## WHAT IS REQUIRED
Leave out the pictures and repeat the data exactly.

--- --- ---

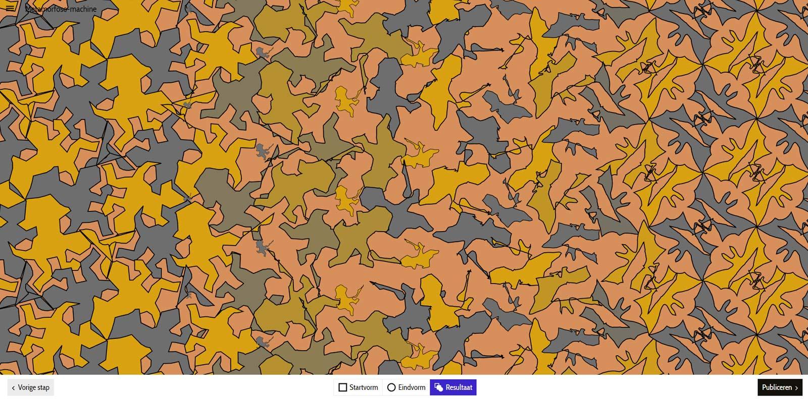 Op de website kun je ook aan de slag met je eigen stukje metamorfose. Technieken die Escher over de jaren met de hand ontwikkelde zitten nu ingebouwd in de Metamorfose Machine. Je kunt je zelf gemaakte afbeeldingen roteren, spiegelen, verschuiven en vervolgens morfen naar een tweede afbeelding. Je gecreëerde werk voeg je vervolgens toe aan het digitale 'Gesamtkunstwerk'; een oneindige online Metamorfose. Ook kun je je eigen werk downloaden, printen en delen met anderen.
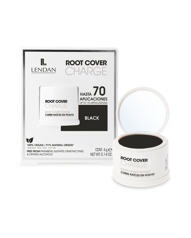 Root Cover es un polvo mineral para una cobertura fácil, instantánea y natural del crecimiento de las canas. Absorbe la grasa o sebo de la raíz para mantener un aspecto limpio. Resiste a la humedad y no destiñe durante el uso. Contiene aceite de Monoï de Tahití, ácido hialurónico y infusión de plantas ayurvédicas medicinales
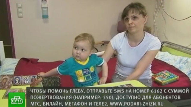 К сожалению, нужный медикамент или его аналоги не производятся в нашей стране, препарата нет ни в больнице, нет и в списках Минздрава на покупку. Препарат очень дорогой. Как передает корреспондент НТВ Алексей Ивлиев, 10 упаковок, необходимые Глебу, обойдутся в 717 тысяч рублей. Фонд «Подари жизнь» обращается к зрителям НТВ с просьбой помочь в сборе средств на лекарство для мальчика. Чтобы перечислить деньги, отправьте СМС на номер 6162 с суммой пожертвования. Например: 350.
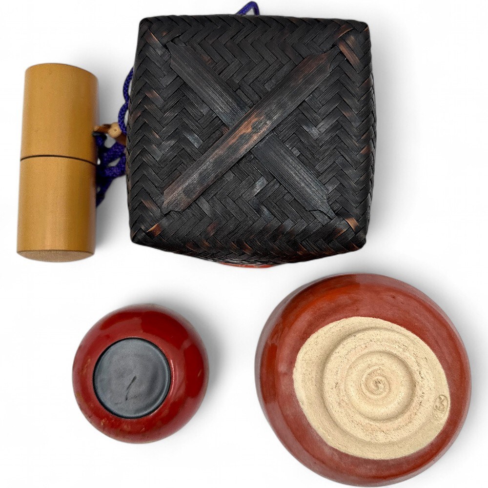 Japanese Nodate Tea Ceremony Set with Raku-Style Chawan Bowl & Basket View Watchlist >
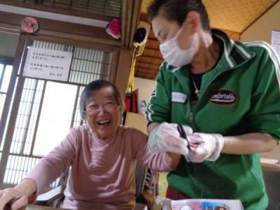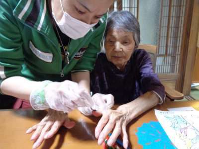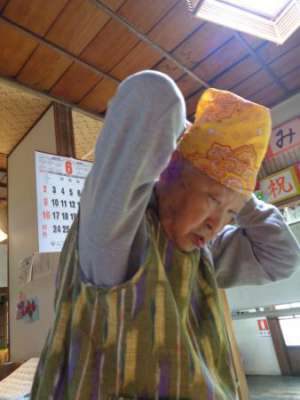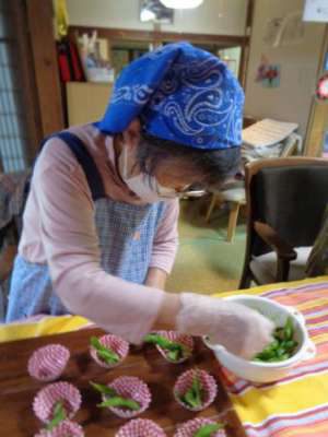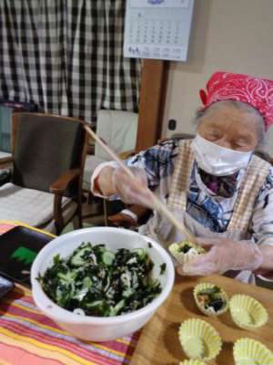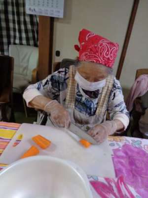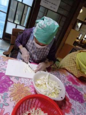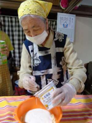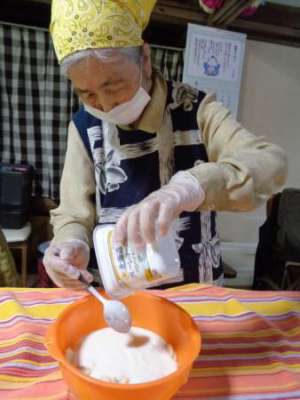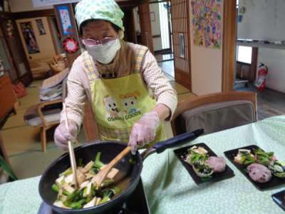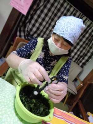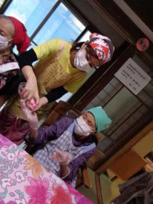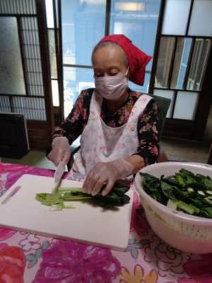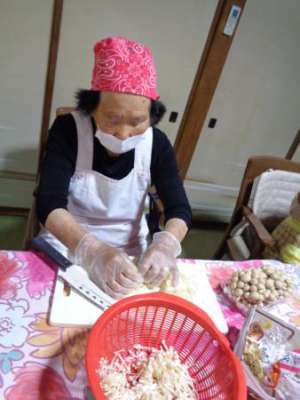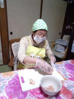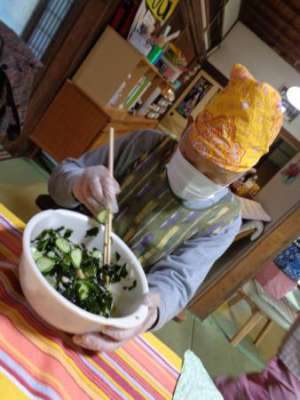 エプロン・三角巾に着替えマスク・手袋をつけて
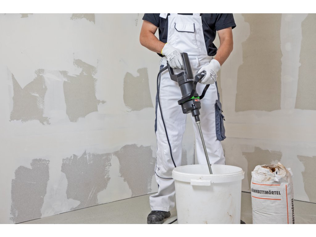 Das Rührwerk EHR 15.2 SB der Marke Eibenstock ist ein robustes, kompaktes Elektrowerkzeug für das Mischen von Baustoffen wie Farbe, Leim, Spachtel‑ und Ausgleichsmassen sowie Fliesenkleber. Die 1 050 W Motorleistung sorgt für kraftvolle Performance, während der Elektronikschalter eine feine, stufenlose Drehzahlregelung erlaubt – ideal für ein spritzarmes Anrühren. Dank der M 14‑Direktaufnahme ist eine effiziente Kraftübertragung mit hoher Rundlaufgenauigkeit gewährleistet. Der Metallbügel bietet eine platzsparende Ablage und sicheren Transport, der Softgriff sorgt für vibrationsgedämpften und sicheren Halt. Mit dem im Set enthaltenen Wendelrührer WG 120 lässt sich Materialvolumen bis ca. 40 kg problemlos verarbeiten.
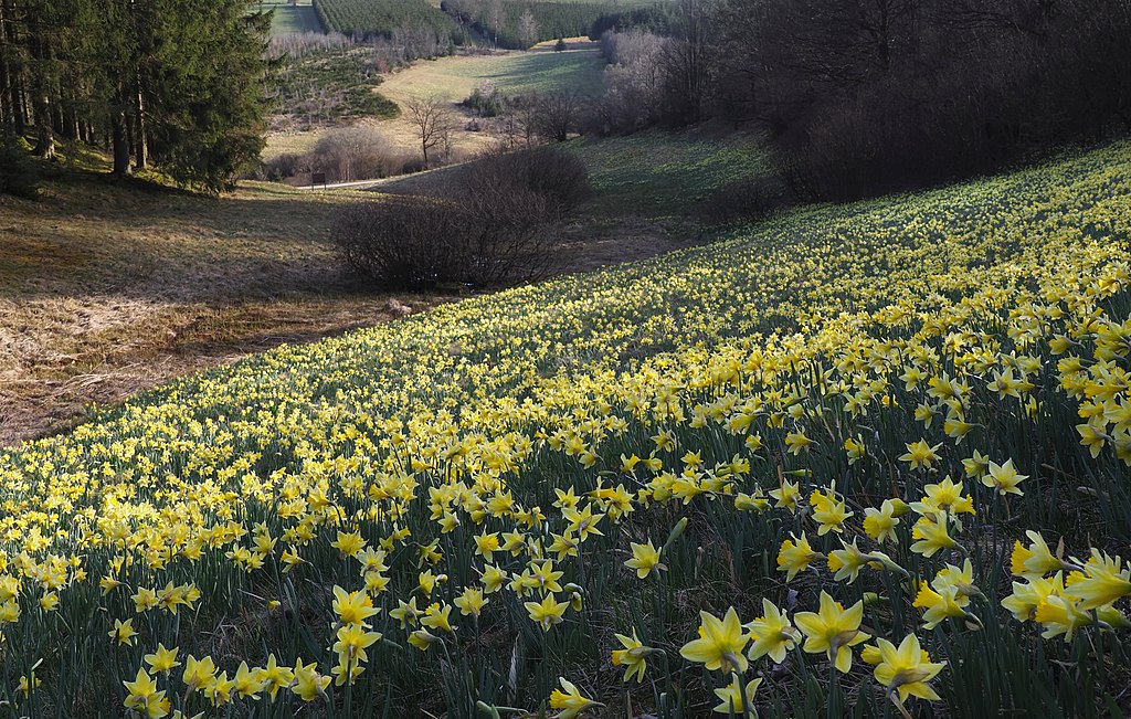 Narcissus flower (Narcissus pseudonarcissus) in the Holzwarchetal near Mürringen, East Belgium. Frank Vassen from Brussels, Belgium, CC BY 2.0, via Wikimedia Commons.
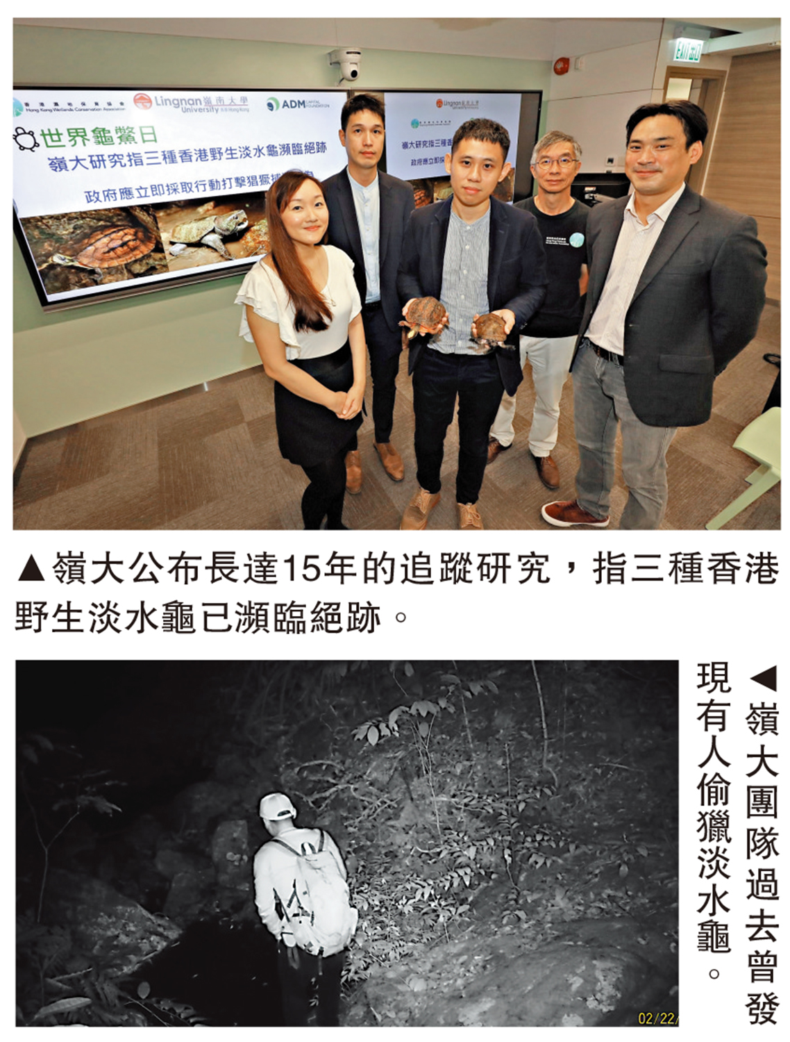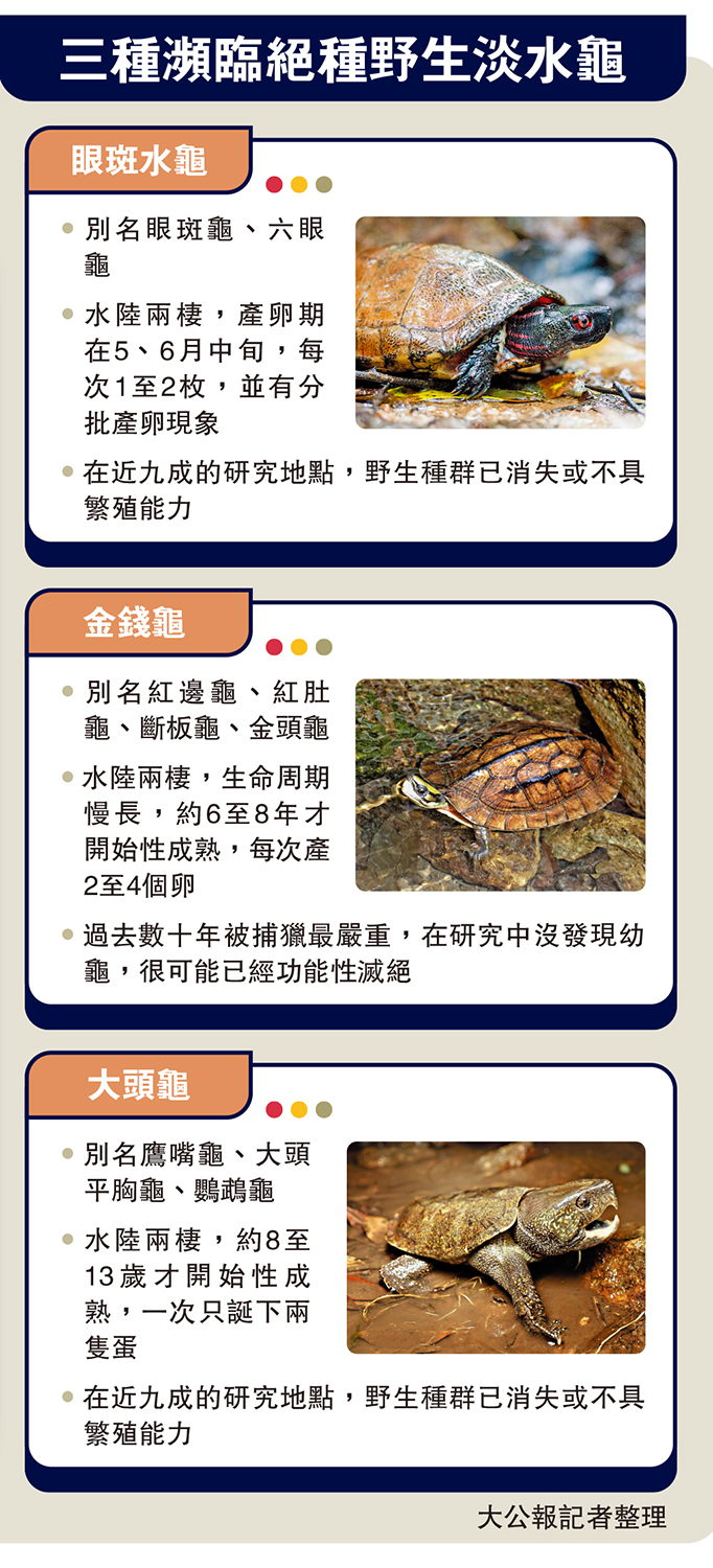 昨日是「世界龜鱉日」,嶺大科學教研組表示,香港是數種全球受威脅淡水龜物種的最後重要據點,包括兩種極危物種金錢龜和大頭龜,以及瀕危物種眼斑水龜。不過,團隊過去15年在香港約100個地點,包括郊野公園、河流溪澗等野生淡水龜出沒的生境,進行分布調查和族群監測,發現近九成的研究地點,大頭龜和眼斑水龜的野生種群已消失,或因成體少於兩隻而不具繁殖能力,只剩零星殘存種群。
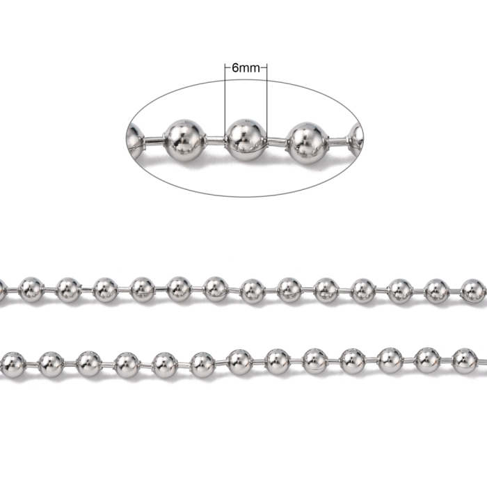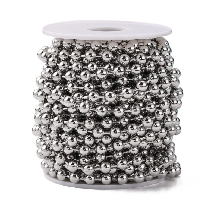 Міцний ланцюжок із плетінням "Перлина", виготовлений із високоякісної нержавіючої сталі, яка вирізняється стійкістю до потемніння, іржі та зношування. Має сріблястий сталевий колір і подається на зручній котушці, що полегшує зберігання та використання. Завдяки точній обробці кожна кулька має гладку, блискучу поверхню.
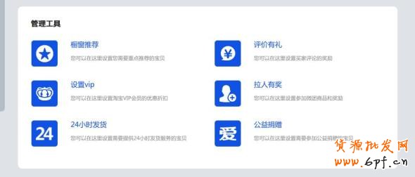 原有的櫥窗推薦、VIP設(shè)置、愛心捐贈、回收站、歷史寶貝、評價有禮、拉人有獎、24小時發(fā)貨、體檢中心等功能現(xiàn)在全部作為單獨的功能組件提供服務(wù),可以在寶貝管理首頁找到入口。
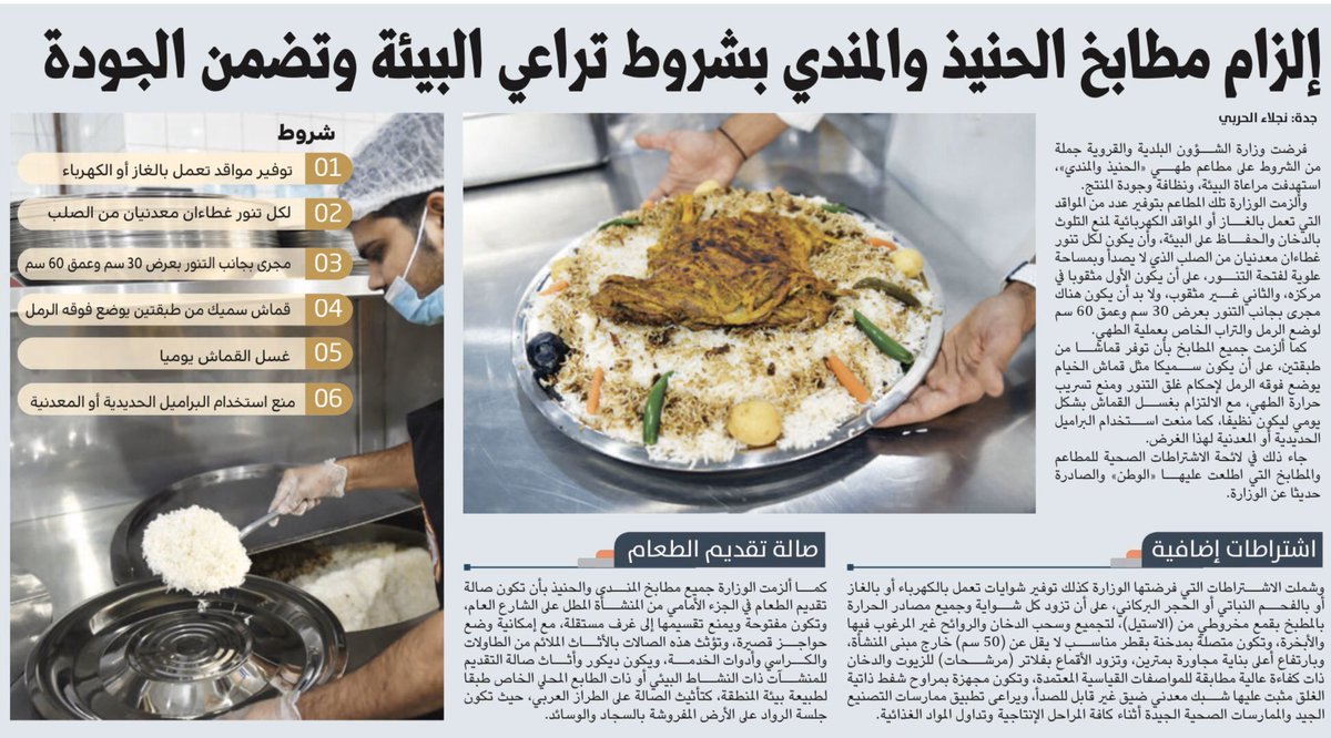 غربة الروح F B I On Twitter منها اشتراط مواقد الغاز أو الكهرباء لمنع التلوث إلزام مطابخ الحنيذ والمندي بشروط تراعي البيئة وتضمن الجودة والنظافة الوطن وداعا لمندي وحنيذ الحطب والفحم Https T Co A9ue2s7ddr

--- --- ---

## RESULT
 Op de website kun je ook aan de slag met je eigen stukje metamorfose. Technieken die Escher over de jaren met de hand ontwikkelde zitten nu ingebouwd in de Metamorfose Machine. Je kunt je zelf gemaakte afbeeldingen roteren, spiegelen, verschuiven en vervolgens morfen naar een tweede afbeelding. Je gecreëerde werk voeg je vervolgens toe aan het digitale 'Gesamtkunstwerk'; een oneindige online Metamorfose. Ook kun je je eigen werk downloaden, printen en delen met anderen.
 Root Cover es un polvo mineral para una cobertura fácil, instantánea y natural del crecimiento de las canas. Absorbe la grasa o sebo de la raíz para mantener un aspecto limpio. Resiste a la humedad y no destiñe durante el uso. Contiene aceite de Monoï de Tahití, ácido hialurónico y infusión de plantas ayurvédicas medicinales
 К сожалению, нужный медикамент или его аналоги не производятся в нашей стране, препарата нет ни в больнице, нет и в списках Минздрава на покупку. Препарат очень дорогой. Как передает корреспондент НТВ Алексей Ивлиев, 10 упаковок, необходимые Глебу, обойдутся в 717 тысяч рублей. Фонд «Подари жизнь» обращается к зрителям НТВ с просьбой помочь в сборе средств на лекарство для мальчика. Чтобы перечислить деньги, отправьте СМС на номер 6162 с суммой пожертвования. Например: 350.
 Japanese Nodate Tea Ceremony Set with Raku-Style Chawan Bowl & Basket View Watchlist >
 エプロン・三角巾に着替えマスク・手袋をつけて
 Das Rührwerk EHR 15.2 SB der Marke Eibenstock ist ein robustes, kompaktes Elektrowerkzeug für das Mischen von Baustoffen wie Farbe, Leim, Spachtel‑ und Ausgleichsmassen sowie Fliesenkleber. Die 1 050 W Motorleistung sorgt für kraftvolle Performance, während der Elektronikschalter eine feine, stufenlose Drehzahlregelung erlaubt – ideal für ein spritzarmes Anrühren. Dank der M 14‑Direktaufnahme ist eine effiziente Kraftübertragung mit hoher Rundlaufgenauigkeit gewährleistet. Der Metallbügel bietet eine platzsparende Ablage und sicheren Transport, der Softgriff sorgt für vibrationsgedämpften und sicheren Halt. Mit dem im Set enthaltenen Wendelrührer WG 120 lässt sich Materialvolumen bis ca. 40 kg problemlos verarbeiten.
 Narcissus flower (Narcissus pseudonarcissus) in the Holzwarchetal near Mürringen, East Belgium. Frank Vassen from Brussels, Belgium, CC BY 2.0, via Wikimedia Commons.
 昨日是「世界龜鱉日」,嶺大科學教研組表示,香港是數種全球受威脅淡水龜物種的最後重要據點,包括兩種極危物種金錢龜和大頭龜,以及瀕危物種眼斑水龜。不過,團隊過去15年在香港約100個地點,包括郊野公園、河流溪澗等野生淡水龜出沒的生境,進行分布調查和族群監測,發現近九成的研究地點,大頭龜和眼斑水龜的野生種群已消失,或因成體少於兩隻而不具繁殖能力,只剩零星殘存種群。
 Міцний ланцюжок із плетінням "Перлина", виготовлений із високоякісної нержавіючої сталі, яка вирізняється стійкістю до потемніння, іржі та зношування. Має сріблястий сталевий колір і подається на зручній котушці, що полегшує зберігання та використання. Завдяки точній обробці кожна кулька має гладку, блискучу поверхню.
 原有的櫥窗推薦、VIP設(shè)置、愛心捐贈、回收站、歷史寶貝、評價有禮、拉人有獎、24小時發(fā)貨、體檢中心等功能現(xiàn)在全部作為單獨的功能組件提供服務(wù),可以在寶貝管理首頁找到入口。
 غربة الروح F B I On Twitter منها اشتراط مواقد الغاز أو الكهرباء لمنع التلوث إلزام مطابخ الحنيذ والمندي بشروط تراعي البيئة وتضمن الجودة والنظافة الوطن وداعا لمندي وحنيذ الحطب والفحم Https T Co A9ue2s7ddr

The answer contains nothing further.